Сама по себе правомерность переноса полученных для XVIII—XIX вв. подсчетов и показателей на более ранний период весьма сомнительна. Более того, центральное звено системы доказательств — статистические материалы и методы работы с ними — не выдерживает критики. Ещё в начале XX в. Г. Комиссаров, опираясь на неполные сведения о численности татар в Казанской губернии в 1826 г. и сравнивая эти цифры
142
с данными переписи 1897 г., сделал вывод об ускоренном росте численности казанских татар за счет ассимиляции чувашей20. К сожалению, этот вывод был некритически заимствован другими исследователями21. Лишь гораздо позже В. Д. Димитриевым на основе более полных статистических данных была обнаружена ошибочность использованных Г. Комиссаровым цифр22. Однако и сам В. Д. Димитриев ограничился только общим анализом динамики численности татар Казанской губернии, не был учтён и ряд архивных источников, характеризующих татаро-чувашские этнические связи в этот период. В итоге, критикуя своего предшественника, В. Д. Димитриев пришел к тому же выводу — о существовании в XVIII — середине XIX в. в Казанской губернии крупномасштабных этнических процессов, связанных главным образом с ассимиляцией чувашей татарами23. Однако проведённое нами в дальнейшем изучение этностатистических источников XVIII—XIX вв. показало, что в Поволжско-Приуральском регионе в этот период в результате этнических процессов в состав татар вошли не более 10 тыс. чувашей, причем в основном не в Казанской, а в других губерниях (Симбирской, Самарской, Уфимской)24. Как видим, фактологическая база для утверждения об отатаривании чувашей остается весьма зыбкой.
Вторая — татарская гипотеза этнической принадлежности «ясачных чувашей» Казанского уезда была сформулирована Е. И. Чернышевым в начале 1960-х годов25. Он полагал, что в лице «ясачных чувашей» Казанского уезда мы имеем на самом деле «ясачных татар». Для обоснования своего тезиса Е. И. Чернышев привел следующие соображения.
Во-первых, в самом центре этнической территории казанских татар — Казанском уезде чувашей никак не могло быть больше, чем татар.

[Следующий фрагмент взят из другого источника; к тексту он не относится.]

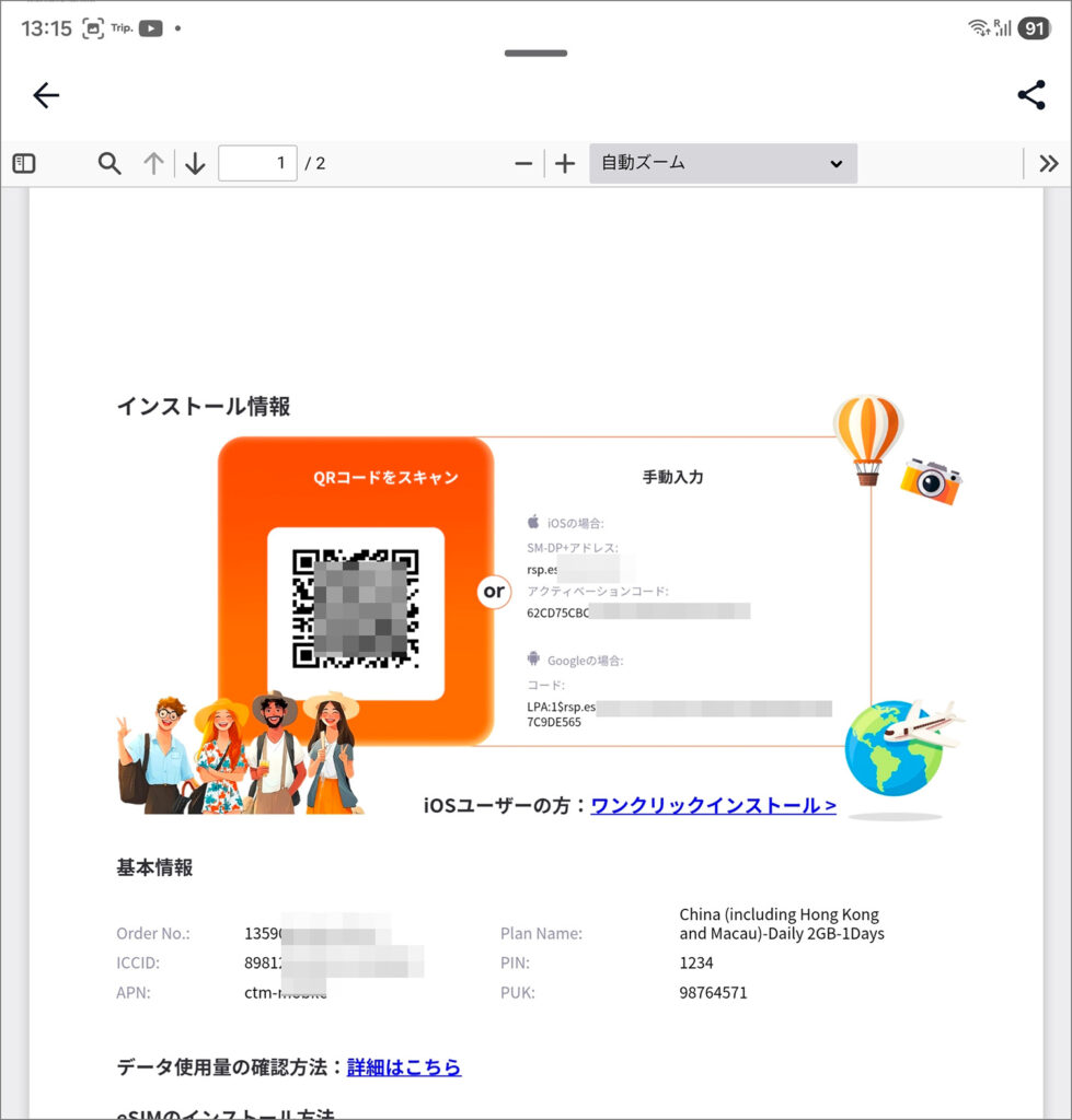 アプリ内、メールにeSIMのQRコードが表示されるので、あとはインストールするだけです。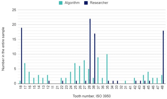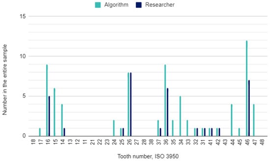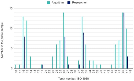 The principal investigator assessing DPRs had concerns in 22 (2%) of 1120 oral locations. In these cases, the initial assessment was verified by the other researcher. The raw results for individual variables and the results of the calculations of the sensitivity, specificity, accuracy, and precision of the AI algorithm are presented in Table 3. This table is a collective presentation of all tests with content corresponding to the STARD 2015 flow diagram [24]. The number of potentially eligible participants was equal to the eligible participants’ number and the tested participants’ number and was 35. There was no case of a missing reference standard. There were no inconclusive test results for either AI or human evaluation. The numbers of teeth identified by the AI and investigators for each diagnosis are presented in Figure 1, Figure 2 and Figure 3.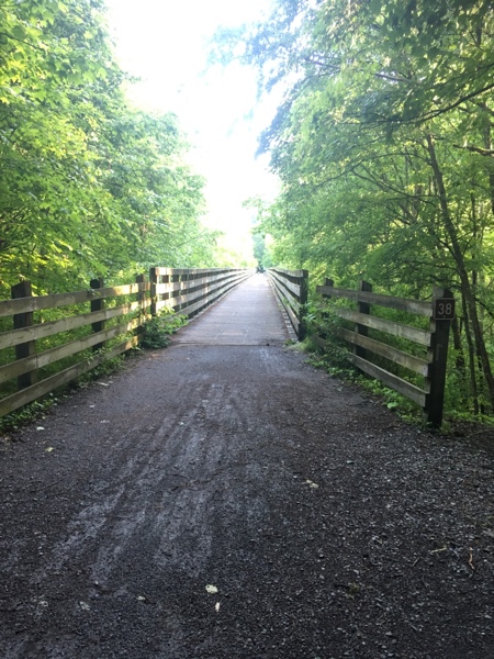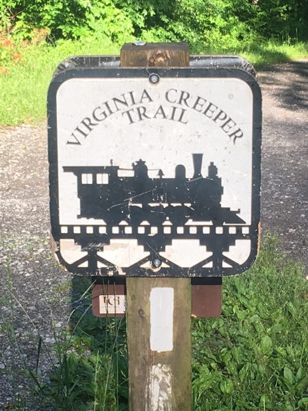 After 2 miles on the AT, it joined the Virginia Creeper Trail, which parallels the AT into Damascus. The VCT is a “rails to trails” path. It’s flat and graded; a welcome change to rock hopping on the AT.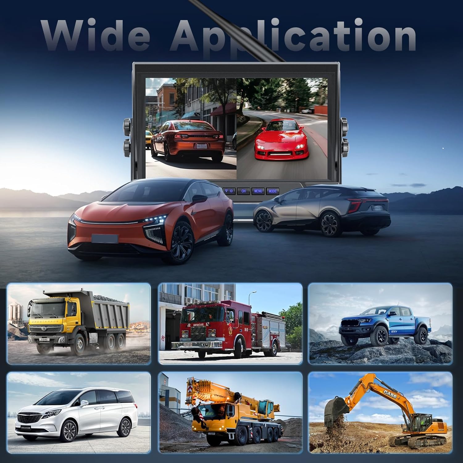 - 9-inch IPS Screen & Multifunctional View: 9-inch large screen backup camera monitor, wireless monitor supports up to four wireless cameras, you can choose the view mode of the display camera, full view single camera, split view dual camera, triple view, quad view, this system contains 2 cameras, two-way monitoring, comprehensive vehicle security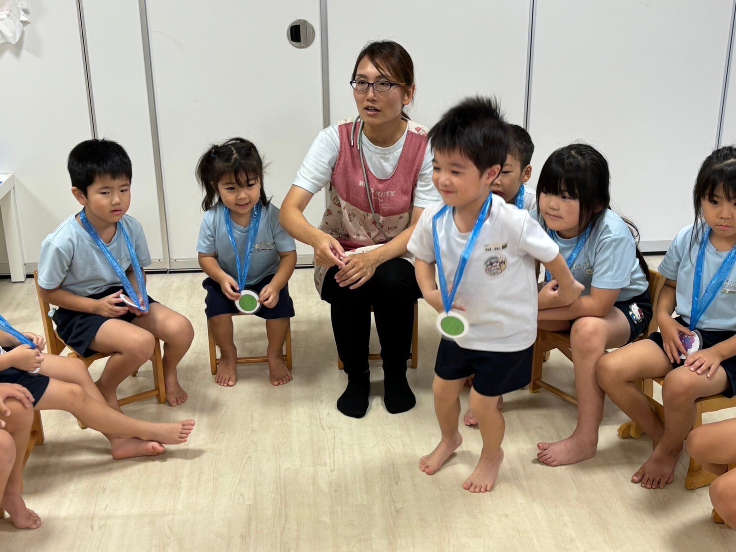 十五夜の17日にキレイなお月様見るー😄🌟と楽しみにしていた子どもたちです😍誕生会会の後はかっこよく座ってお話を聞き、お約束を守って大好きアンパンマンおもちゃで遊びました☺️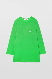 Mega over longsleeve t-shirt featuring bright green light wool jersey material with printed SUNNEI logo on chest. 71%WO 24%PA 5%EA Materials from Portugal Made in Portugal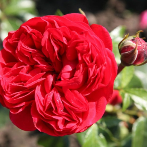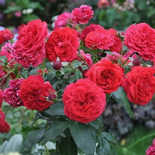 Роза "Out of Rosenheim" с густомахровыми (около 40 лепестков) романтическими чашевидными цветками диаметром 8-9 см ярко-красного цвета, с очаровательным сложением лепестков. Цветение проходит в соцветиях. Аромат отсутствует. Цветение обильное, почти непрерывное. Листья удлинённые, тёмно-зелёные, глянцевые, с высокой устойчивостью к заболеваниям. Сорт получил своё название в честь города Розенхайм.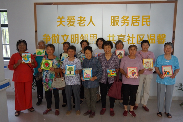 創(chuàng)作完后,老人們紛紛用自己的作品和工作人員一起裝扮起服務(wù)中心,五顏六色的創(chuàng)意貼畫,為這炎熱的夏天又增加了一抹色彩。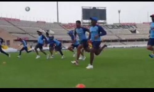 टीम इंडिया ने अपने पहले ट्रेनिंग सेशन के भारतीय खिलाड़ी हैदराबाद में दो ग्रुपों में बंटकर एक के पीछे एक छोटी, लेकिन तेज दौड़ लगाते देखे गए। मजे की बात है कि कई बार तो पहली कतार में भाग रहे खिलाड़ियों ने अपने पीछे एक रूमाल टांगा होता था और पीछे भाग रही टीम का मकसद उनका पीछा करके वह रूमाल पकड़कर गिराना होता था।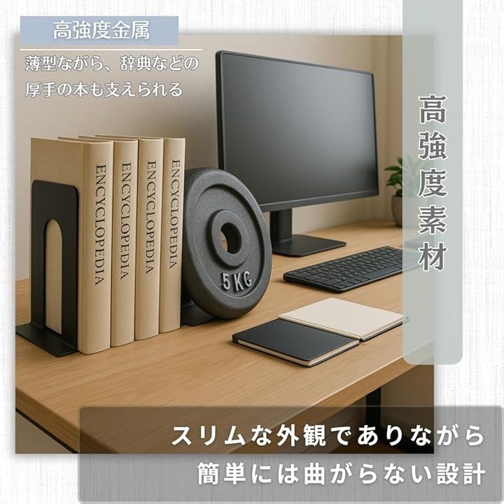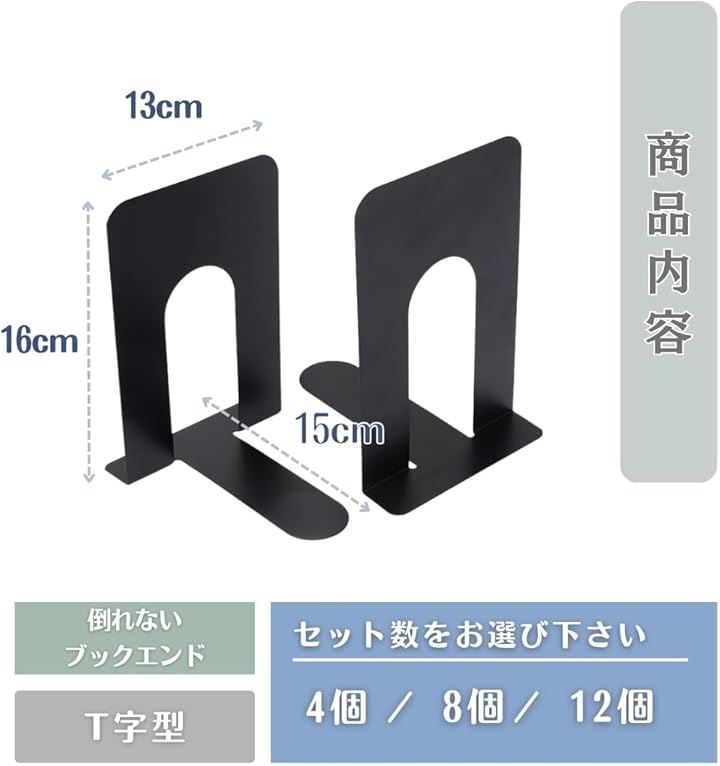ブックエンド 卓上 倒れない ブックスタンド 薄型 本立て T字 高さ16cm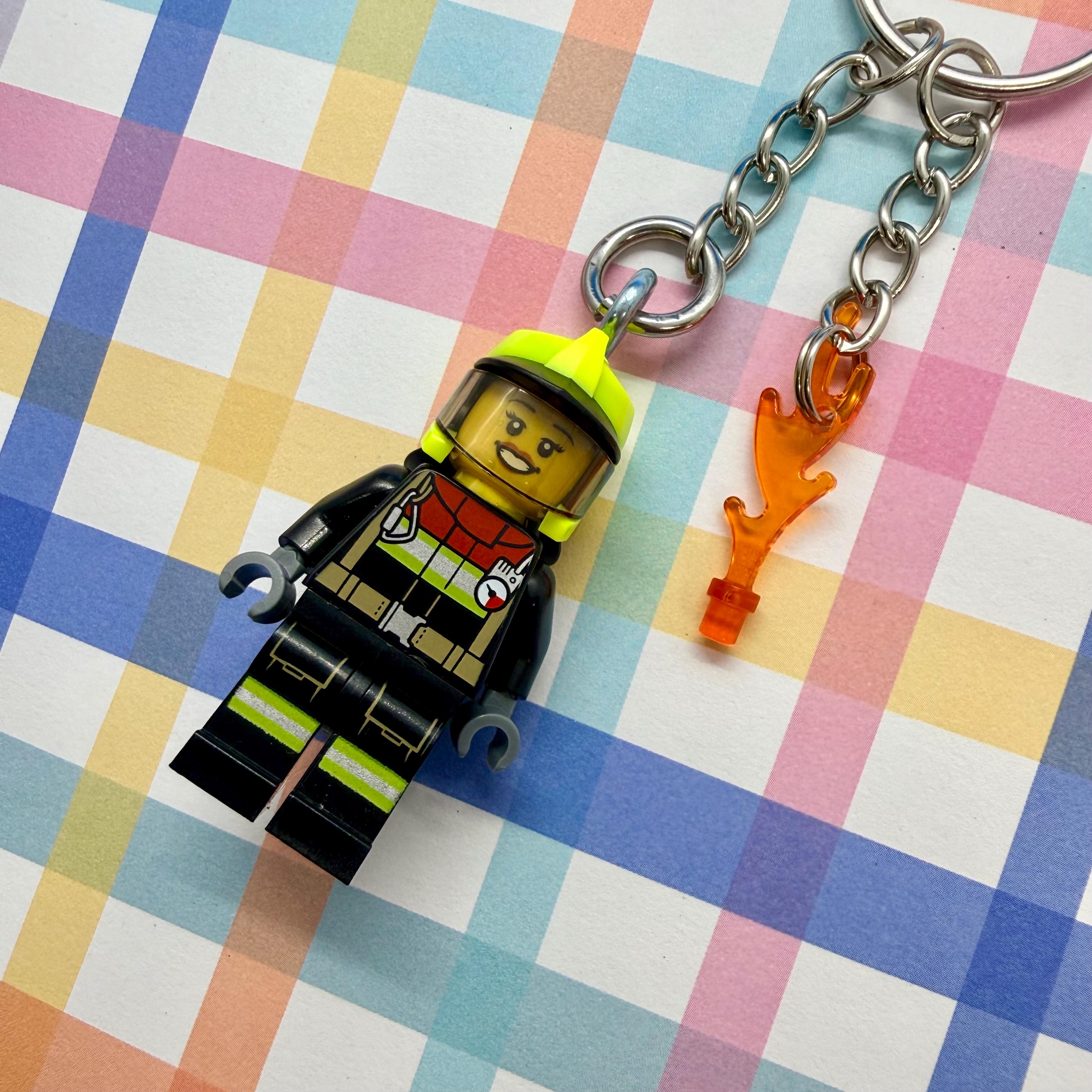 Firewoman Minifigure Keychain Measures approx 4cm tall by 1.5cm wide SHIPPING All items are shipped ...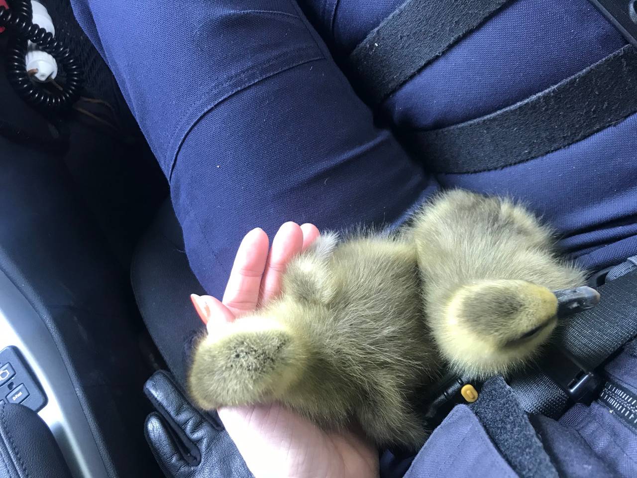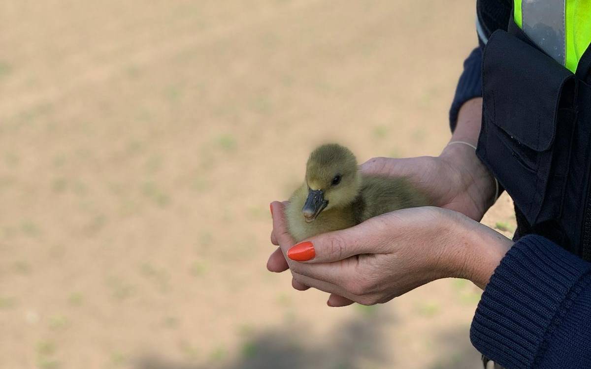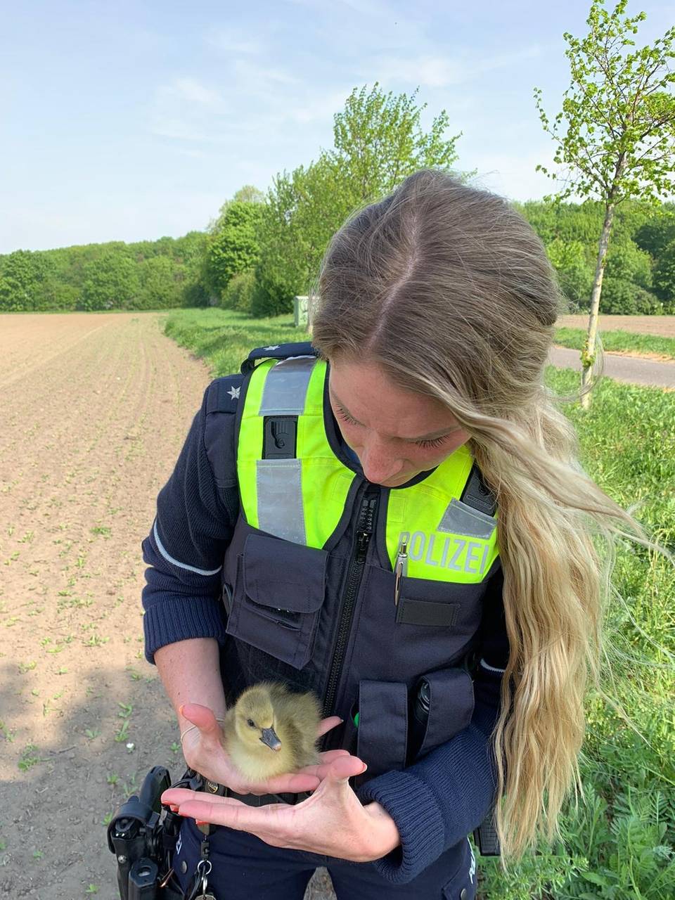 Die Gänseeltern seien davongeflogen, die Polizisten hätten behutsam die Gänsebabys geschnappt. Kurz darauf habe man auf einem Acker die Familie wieder zusammenführen können.
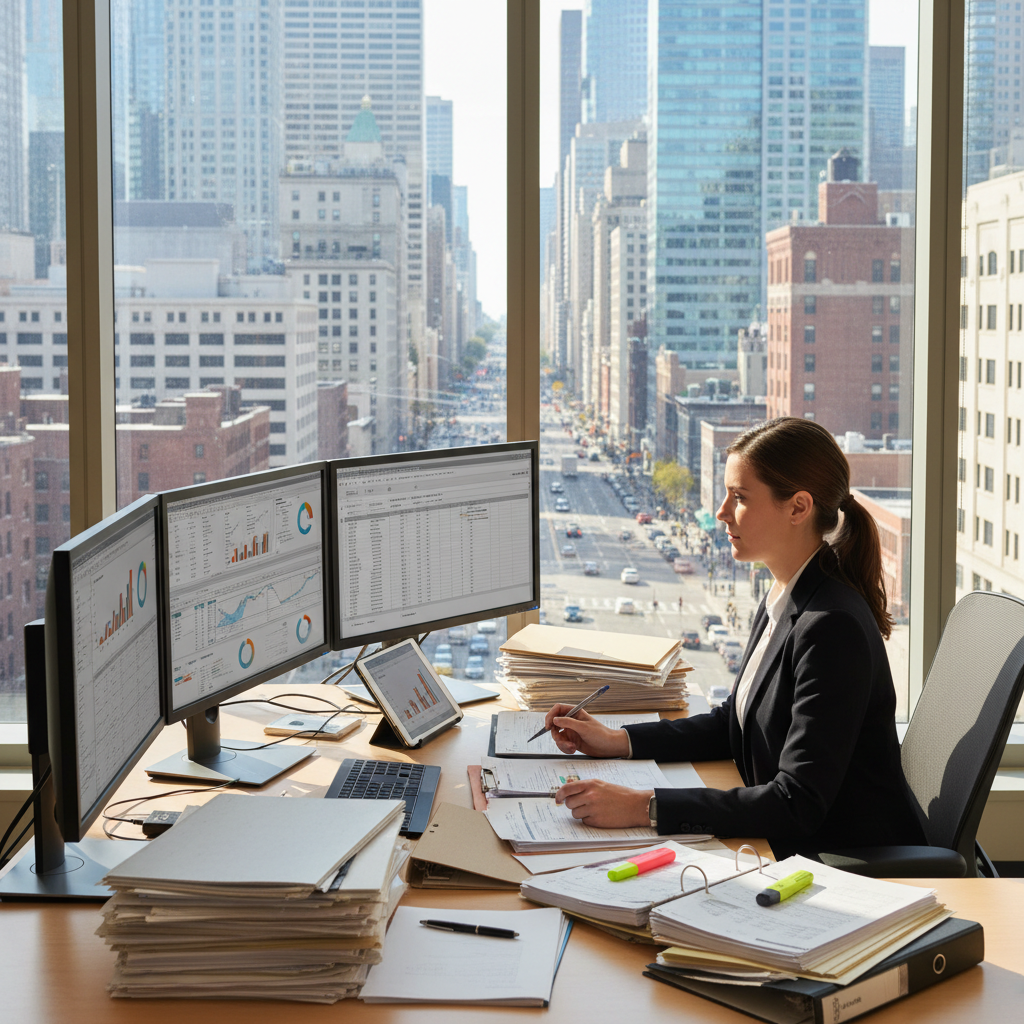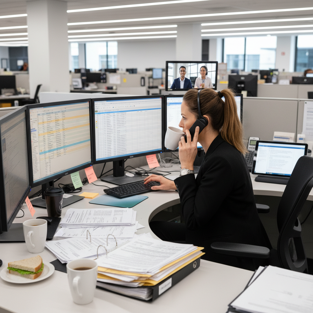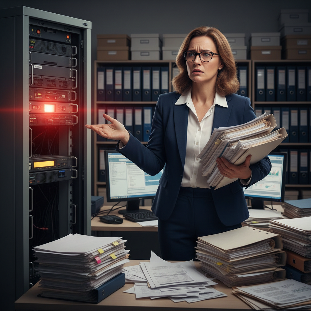 An insurance administrator balances analog paperwork and digital platforms, a visual metaphor for the complex reality of modern risk management.

Этот тезис необходимо усилить: по данным на начало XVII в., «ясачных чувашей» в уезде было на самом деле намного больше, чем татар. Так, согласно писцовой книге 1602—1603 гг., здесь насчитывалось 228 дворов служилых татар (включая «новокрещенных») и 802 двора «ясачных чувашей» (с новокрещенными)26. Сведения эти неполные — в писцовую книгу попало только то ясачное население, которое имело землевладения по соседству со служилыми татарами. Тем не менее, приведённые цифры отражают, видимо, примерное соотношение в уезде «татар» и «чувашей».
Во-вторых, в ближайшем соседстве с татарами на территории Казанского уезда логичнее было бы искать не чувашей, а марийцев, волости которых в XVII в. вплотную примыкали к этнической территории татар.
В-третьих, термин «ясачные чуваши» в русских источниках XVI—XVII вв. не имел этнического значения, а являлся социальным понятием, синонимичным категории ясачного населения вообще.
Два первых аргумента Е. И. Чернышева выглядят достаточно убедительно 27. Сложнее с третьим. Правда, Е. И. Чернышев привел ряд фактов, которые, с его точки зрения, доказывали, что под «чувашами» в документах имелось в виду в целом ясачное население28. Но эти факты можно трактовать и иначе. Кроме того, в источниках помимо «ясачных чувашей» фигурируют еще «ясачные черемисы» и «ясачные вотяки». Возникает вопрос: почему ясачные татары названы в документах «чувашами», а не «черемисами» или «вотяками». Свою позицию Е. И. Чернышев попытался подкрепить ссылкой на то, что наименование «чуваши» было присвоено ясачным татарам служило-татарской группой. Однако привлечь какие-либо факты ему не удалось29. По-видимому, вопрос о причинах бытования в XVI — первой половине XVII в. термина «ясачные чуваши» в официальной русскоязычной документации для совершенно определенного ареала Среднего Поволжья является сейчас одним из узловых.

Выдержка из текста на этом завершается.